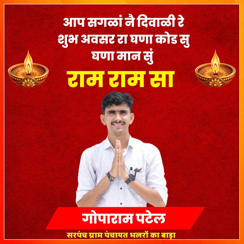 दिवाली रा राम राम सा Post author:Goparam Patel Post published:October 21, 2025 Post category:Uncategorized Post comments:0 Comments You Might Also Like सरपंच गोपाराम पटेल हुए सम्मानित उपखंड स्तर पर August 19, 2025 सरपंच पटेल ने किए मां हिंगलाज के दर्शन October 22, 2025 ग्राम पंचायत भलरों का बाड़ा मुख्यालय पर पशु चिकित्सा उप केंद्र स्वीकृत December 19, 2024 Leave a Reply Cancel replyCommentEnter your name or username to comment Enter your email address to comment Enter your website URL (optional) Save my name, email, and website in this browser for the next time I comment. Δ
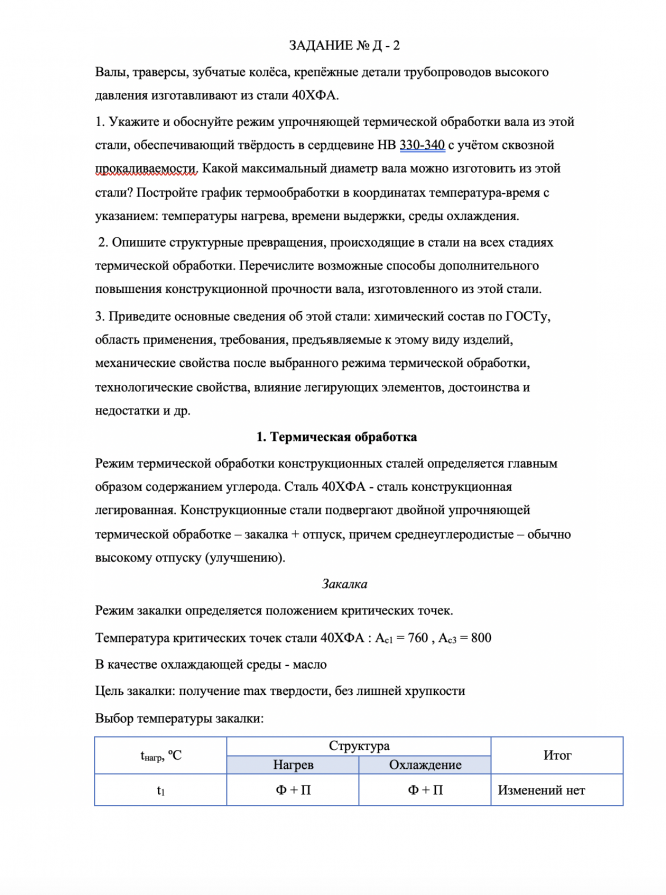 ДЗ Д: Выбор материала и технологии термической обработки вариант 2
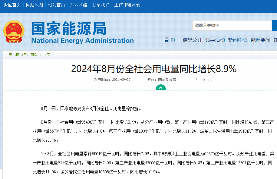 國家能源局20日發布的信息顯示,8月份全社會用電量9649億千瓦時,同比增長8.9%。
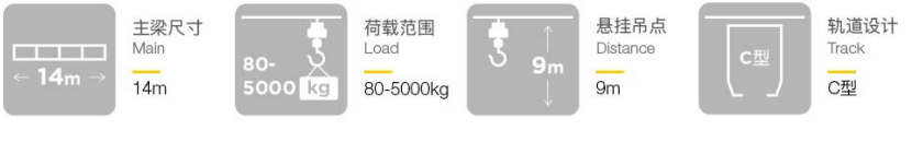 • 起重量可達(dá)2000kg,多種軌道型號(hào)和跨度;
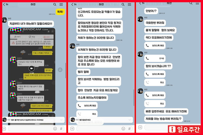 ▲ 제보된 실제 협박 카톡내용 (이미지편집=일요주간)
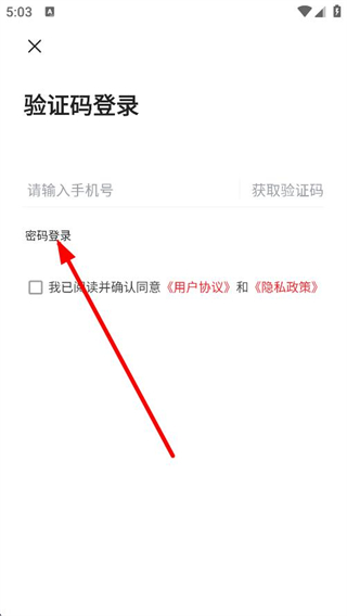 3、在登录页面,点击密码登录,切换到密码登录界面。
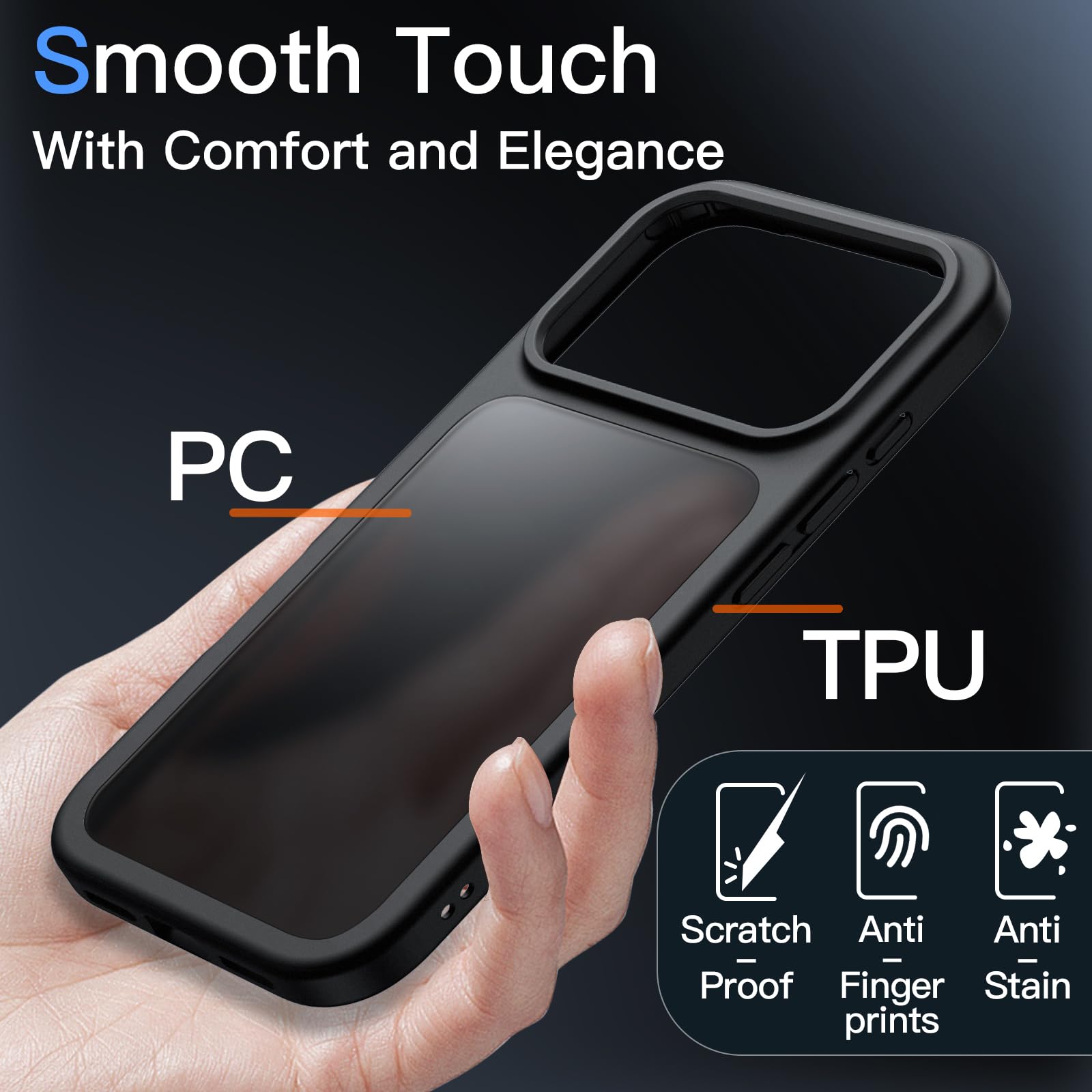 • [Translucent Design] This hybrid case combines flexible TPU frame with hard matte PC back, delivering a smooth touch that resists fingerprints and oil smudges while showcasing your phone’s delicate logo
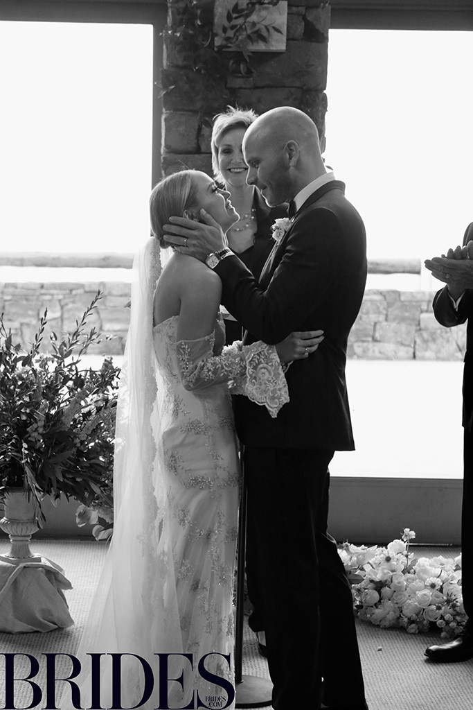 Becca walked down the aisle in a strapless, embellished Odylyne the Ceremony wedding gown and a lace-trimmed veil, according to Brides.
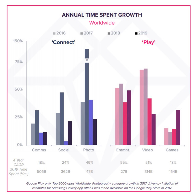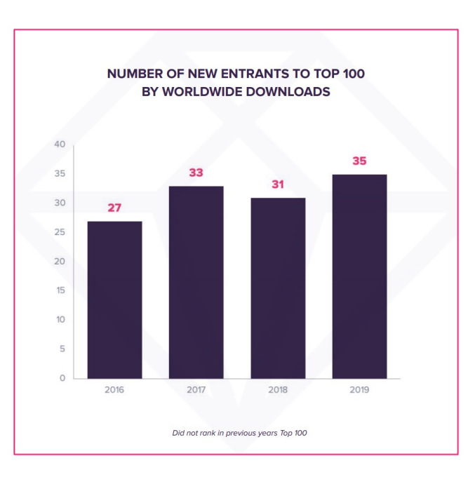 A medida que los usuarios aumentaron su tiempo en la aplicación a 3.1 horas por día, también comenzaron a usar más de una variedad de aplicaciones. Según el informe, 35 de las 100 mejores aplicaciones eran nuevos participantes en 2019, frente a 27 en 2016 en categorías que incluían redes sociales, fotografía, video, comunicaciones, entretenimiento y más.

** EXERCISE PROMPT **
Set down, in exact form, only the lines that start at the one containing "phone’s delicate logo" and finish at the last line of the material; pictures do not go in.

** EXERCISE RESULT **
 • [Translucent Design] This hybrid case combines flexible TPU frame with hard matte PC back, delivering a smooth touch that resists fingerprints and oil smudges while showcasing your phone’s delicate logo
 Becca walked down the aisle in a strapless, embellished Odylyne the Ceremony wedding gown and a lace-trimmed veil, according to Brides.
 A medida que los usuarios aumentaron su tiempo en la aplicación a 3.1 horas por día, también comenzaron a usar más de una variedad de aplicaciones. Según el informe, 35 de las 100 mejores aplicaciones eran nuevos participantes en 2019, frente a 27 en 2016 en categorías que incluían redes sociales, fotografía, video, comunicaciones, entretenimiento y más.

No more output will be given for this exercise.